香奈惠的身体在蝶屋最精心的照料下,缓慢而艰难地恢复着。致命的贯穿伤在梦子最后那不顾一切的生命力灌注和忍日以继夜的毒理治疗下,奇迹般地被拉离了死亡线。冻伤和割伤也渐渐愈合,留下淡粉色的疤痕,如同破碎蝶翼上的裂痕。她能坐起来了,能在忍的搀扶下在廊下短暂地晒晒太阳(梦子沉睡的房间被特别安置在避光处),苍白的脸上也渐渐有了一丝极淡的血色。
然而,那深入骨髓的冰寒和经脉的彻底损毁,却是任何药物都无法治愈的。每一次尝试调动哪怕一丝曾经如臂使指的花之呼吸之力,回应她的只有经脉深处撕裂般的剧痛和一片死寂的空洞。那双曾经持剑斩杀恶鬼、温柔抚慰伤员的纤手,如今连端起一碗药汤都会不受控制地颤抖,更遑论握紧日轮刀。
花柱蝴蝶香奈惠,在生理意义上“活”了下来,但作为剑士的她,已然凋零。她常常坐在窗边,望着庭院里覆着薄雪的枯藤,粉色的眼眸中盛满了温柔的悲伤和一丝难以言喻的空茫。她依旧会对忍、对照顾她的隐成员露出笑容,但那笑容深处,是挥之不去的、对失去力量的无力感,以及对那个为她燃尽自己的银发少女的深深愧疚。
“姐姐,该喝药了。”忍端着一碗温热的汤药走进来,声音刻意放得轻快。她穿着香奈惠那件略显宽大的蝶翅羽织(姐姐再也穿不上了),粉色的短发梳理得整整齐齐,脸上甚至带着一丝……近乎完美的、模仿自姐姐的温柔笑意。只是,那双紫色的眼眸深处,却如同淬了寒冰的深潭,再无半分暖意,只有压抑到极致的毒怨和冰冷刺骨的杀意。
“谢谢你,小忍。”香奈惠接过药碗,手指依旧有些颤抖。她看着妹妹脸上那熟悉又陌生的笑容,心头一阵刺痛。她比谁都清楚,忍正在经历怎样的蜕变。那份模仿的笑容,是忍给自己戴上的面具,也是她走向复仇深渊的宣告。
忍看着姐姐艰难地喝下药,视线转向旁边病床上依旧沉睡的梦子。梦子的脸色依旧苍白得透明,呼吸微弱而均匀,靠着她自身强大的再生力和蝶屋源源不断的药物维持着生命。她身上的伤口已经愈合了大半,但精神层面的透支和领域反噬造成的深层创伤,让她迟迟无法醒来。鬓角那几缕藤蔓状的发束,偶尔会极其微弱地闪烁一下紫绿色的光芒,仿佛在无声地抗争着。
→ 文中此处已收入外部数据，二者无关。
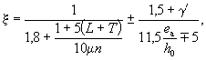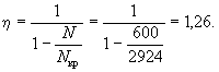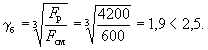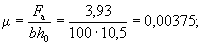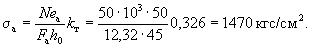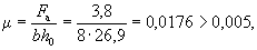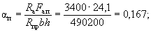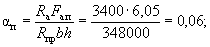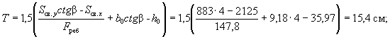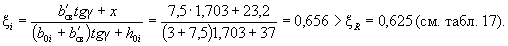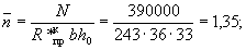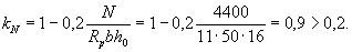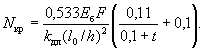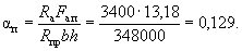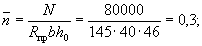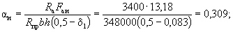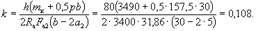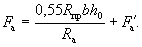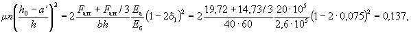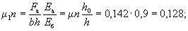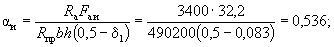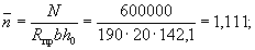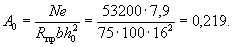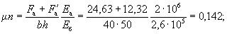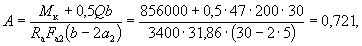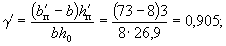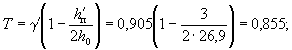 По вычисленным значениям γ' = 0,071; μn = 0,064 и eа/h0 = 50/45 = 1,11 находим из табл. 28 значение коэффициента kт: kт = 0,326;

“她的情况……还是不稳定。”忍的声音听不出情绪,像是在陈述一个客观事实,“鬼的体质保住了她的命,但领域反噬伤及了本源。什么时候能醒,无法预测。” 她伸出手,指尖掠过梦子冰凉的银发,动作带着一种连她自己都未曾察觉的、极其微小的滞涩。是这个鬼……用命换回了姐姐。
“她会醒来的。”香奈惠的声音很轻,却带着不容置疑的信念,“她答应过我,要证明自己,要守护同伴……她不会食言的。” 她的目光落在梦子腕间那枚黯淡的紫藤花印上,眼神温柔而坚定。
***
主屋的拉门被猛地拉开,带进一股凛冽的寒气。
“唔姆!打扰了!香奈惠大人!忍!梦子小姐怎么样了?”
炼狱杏寿郎洪亮的声音如同投入死水潭的石子,瞬间打破了病房的沉寂。他高大的身影出现在门口,火焰般的红黄发梢上还沾着未化的雪粒,金红色的眼眸中充满了毫不掩饰的急切和担忧。他大步走进来,甚至来不及脱下沾着泥雪的靴子,目光第一时间锁定了病床上沉睡的梦子。
他颈间,那条银白色的月华藤围巾,依旧一丝不苟地缠绕着,在病房略显昏暗的光线下,流淌着温润而坚定的光泽。
看到梦子毫无生气的苍白面容,杏寿郎脸上的急切瞬间化为沉痛。他几步走到床边,蹲下身,金红色的眼眸仔细地、近乎贪婪地审视着梦子,仿佛要确认她是否还有呼吸。他伸出手,似乎想碰碰她的额头,却在半空中停住,最终只是紧紧握成了拳。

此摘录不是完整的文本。